Records shown

──────────

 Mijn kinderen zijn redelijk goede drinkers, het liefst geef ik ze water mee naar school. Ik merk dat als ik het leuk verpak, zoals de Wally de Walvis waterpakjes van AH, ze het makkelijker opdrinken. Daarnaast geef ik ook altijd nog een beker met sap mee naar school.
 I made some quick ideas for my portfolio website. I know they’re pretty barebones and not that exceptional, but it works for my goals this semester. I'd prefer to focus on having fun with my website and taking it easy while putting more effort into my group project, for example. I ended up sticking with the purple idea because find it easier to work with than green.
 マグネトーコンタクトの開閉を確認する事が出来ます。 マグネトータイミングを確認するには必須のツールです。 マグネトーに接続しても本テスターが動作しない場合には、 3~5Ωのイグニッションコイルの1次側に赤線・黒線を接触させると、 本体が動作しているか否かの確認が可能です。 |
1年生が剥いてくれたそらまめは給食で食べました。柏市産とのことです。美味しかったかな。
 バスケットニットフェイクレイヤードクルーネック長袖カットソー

──────────

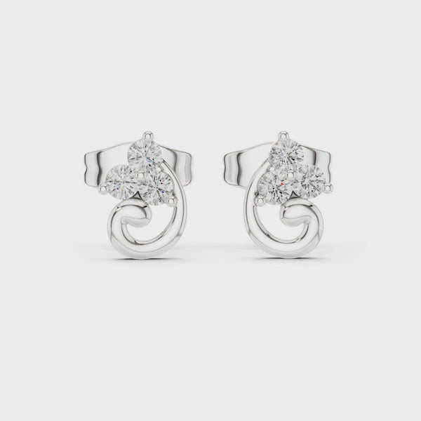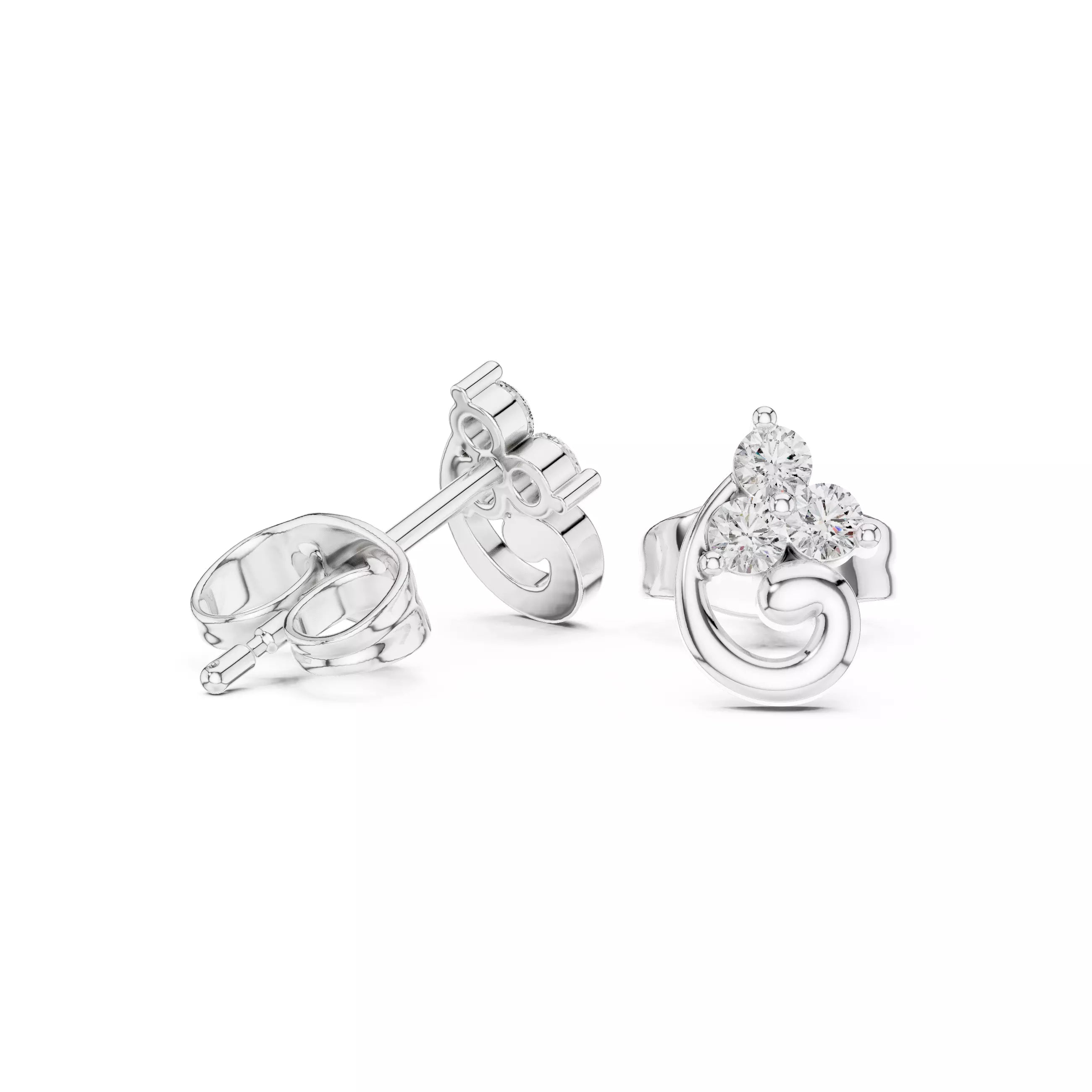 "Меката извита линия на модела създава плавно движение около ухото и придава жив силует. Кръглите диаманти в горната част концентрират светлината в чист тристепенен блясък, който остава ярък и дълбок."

──────────

Work instructions
What are the lines, exactly as written above, from the line with "I made some" to the line with "バスケットニットフェイクレイヤードクルーネック長袖カットソー", both included? Output only those.

Response to this task
 I made some quick ideas for my portfolio website. I know they’re pretty barebones and not that exceptional, but it works for my goals this semester. I'd prefer to focus on having fun with my website and taking it easy while putting more effort into my group project, for example. I ended up sticking with the purple idea because find it easier to work with than green.
 マグネトーコンタクトの開閉を確認する事が出来ます。 マグネトータイミングを確認するには必須のツールです。 マグネトーに接続しても本テスターが動作しない場合には、 3~5Ωのイグニッションコイルの1次側に赤線・黒線を接触させると、 本体が動作しているか否かの確認が可能です。 |
1年生が剥いてくれたそらまめは給食で食べました。柏市産とのことです。美味しかったかな。
 バスケットニットフェイクレイヤードクルーネック長袖カットソー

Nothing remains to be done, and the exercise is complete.